Нужно заметить, что в нашу задачу входило вычитать страницу каталога, где был напечатан текст Жака, и поправить от руки опечатки. Мы трудились несколько часов, сидя бок о бок в тесном помещении. Перед моим мысленным взором стоит эта страница, шрифт, имитирующий машинопись. Также вижу квартиру его друга, куда он потащил меня обедать после утомительной работы, кровать, выполнявшую функцию дивана, где и продолжился вечер; я до сих пор помню лица двух других гостей. Но что касается самого Жака, то мне запомнился даже не его облик, а осторожное движение, которым он погладил мое запястье тыльной стороной указательного пальца. Четкость этого воспоминания позволяет мне констатировать феномен, который я наблюдала в момент нарастания сексуального удовольствия: кажется, что мой взгляд скорее фиксирует окружающее, чем сам объект моего желания. На самом деле мы поступаем так рефлекторно, чтобы ввести в заблуждение других людей, и к удовольствию от соприкосновения примешивается радость, что нам удается скрыть свои чувства: вы напряженно глядите в глаза собеседнику справа, чтобы не показать, что под столом сосед слева поглаживает вас по бедру. А может быть, это происходит потому, что бурление чувств делает нас великодушными, и в этих обстоятельствах, пока моя кожа знакомилась с мужской рукой, дарящей такую нежность, которая мне до того времени была неведома и равной которой я уже не узнаю, мои глаза могли с любопытством рассматривать его друзей?

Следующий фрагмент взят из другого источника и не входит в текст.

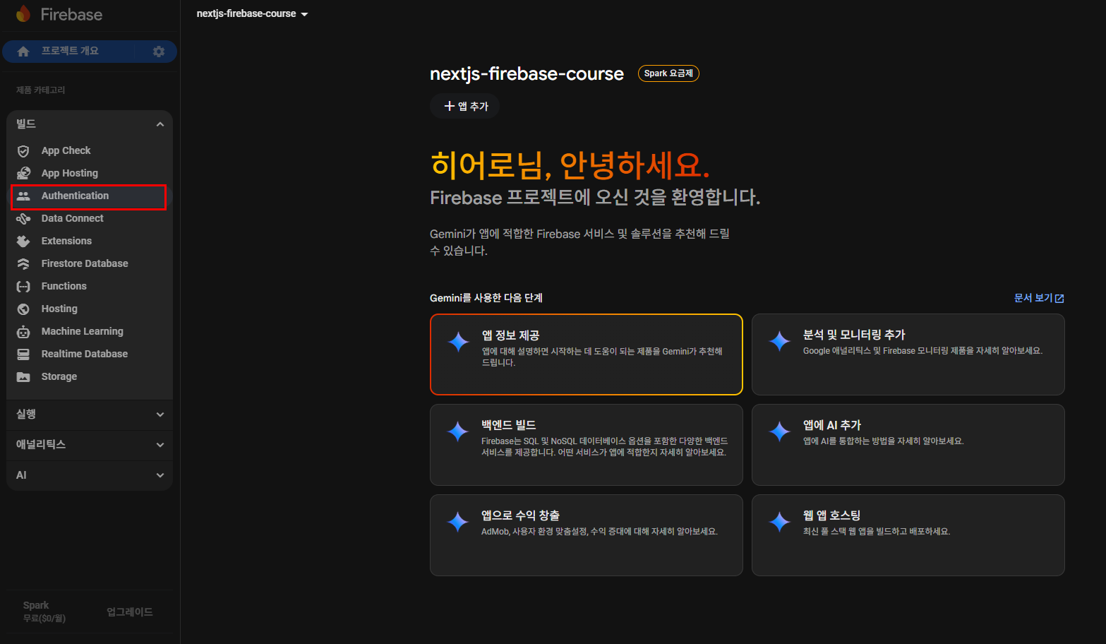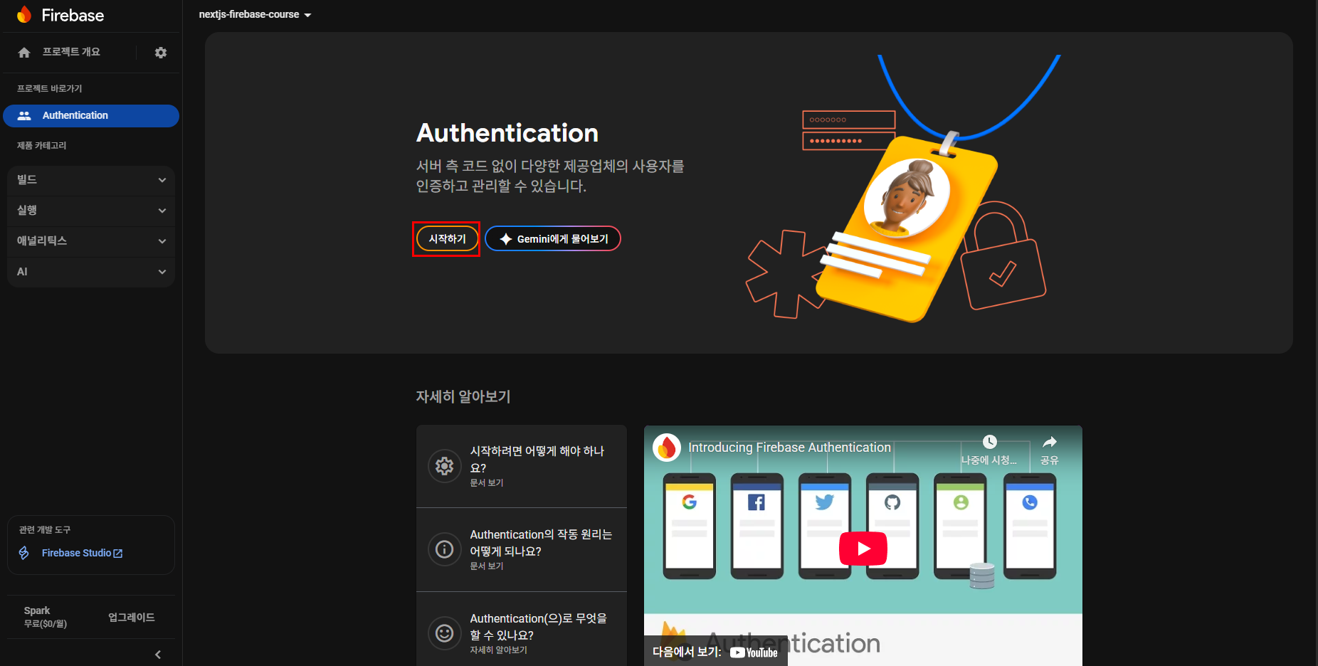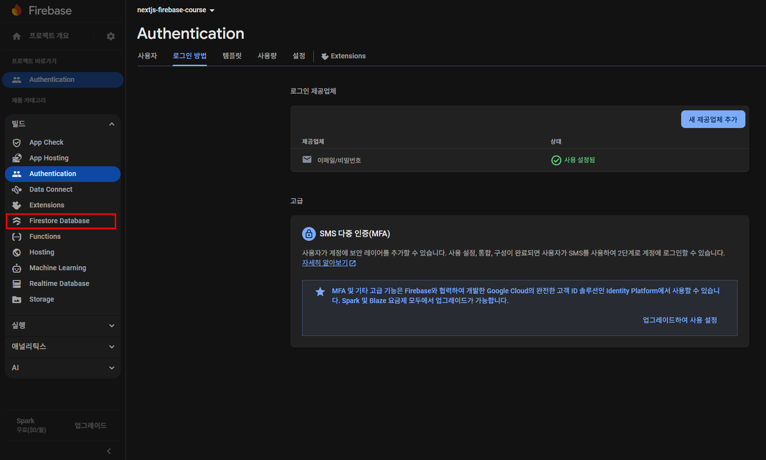 nextjs-firebase-course) - Authentication โ Sign-in method โ Email/Password ํ์ฑํ(+ Google Sign-in์ 3๊ฐ์์)

Образ возникает медленно на дне кюветы, в которой проявляются воспоминания. Я без труда воскрешаю в памяти положение наших тел в его постели на следующее утро, и, как это часто бывает в таких случаях, за вербальным проявлением внешней, светской стороны наших личностей следует ускоренное проявление сторон физиологических; я все еще способна оценить интенсивность света в комнате во время этой первой разминки, и только в более поздних воспоминаниях я вижу, как закрепляется его силуэт и вырисовываются черты лица.

Неслучайно в этих воспоминаниях, относящихся ко времени, когда наши отношения уже определились, стали постоянными, этот образ дается не крупным планом: например, это могли бы быть абрис его лица, выражение глаз или мимика губ, но нет, сначала это общий план: скажем, я вижу, как он ставит мотоцикл на тротуаре напротив, и неотрывно наблюдаю, как он переходит дорогу, отделяет свое тело от колеблющейся массы прохожих, приближается к террасе кафе, где его поджидает целая компания, и я в том числе. Мне кажется, именно в эту минуту я замечаю почти правильную, вытянутую прямоугольную форму его головы, которую подчеркивает короткая стрижка, и намечающуюся небольшую лысину. Эта же геометрия повторяется в квадрате его тела – плечи, талия, бедра кажутся почти равными по ширине, – это впечатление усиливает свободного покроя рубаха. Иначе говоря, для того чтобы его черты запечатлелись в моей памяти, мне потребовались время и некоторая отстраненность, в прямом смысле слова: так художник, работающий по старинке, отступает на несколько шагов, чтобы лучше оценить рисунок, соотношение деталей с общим планом и эффект контраста.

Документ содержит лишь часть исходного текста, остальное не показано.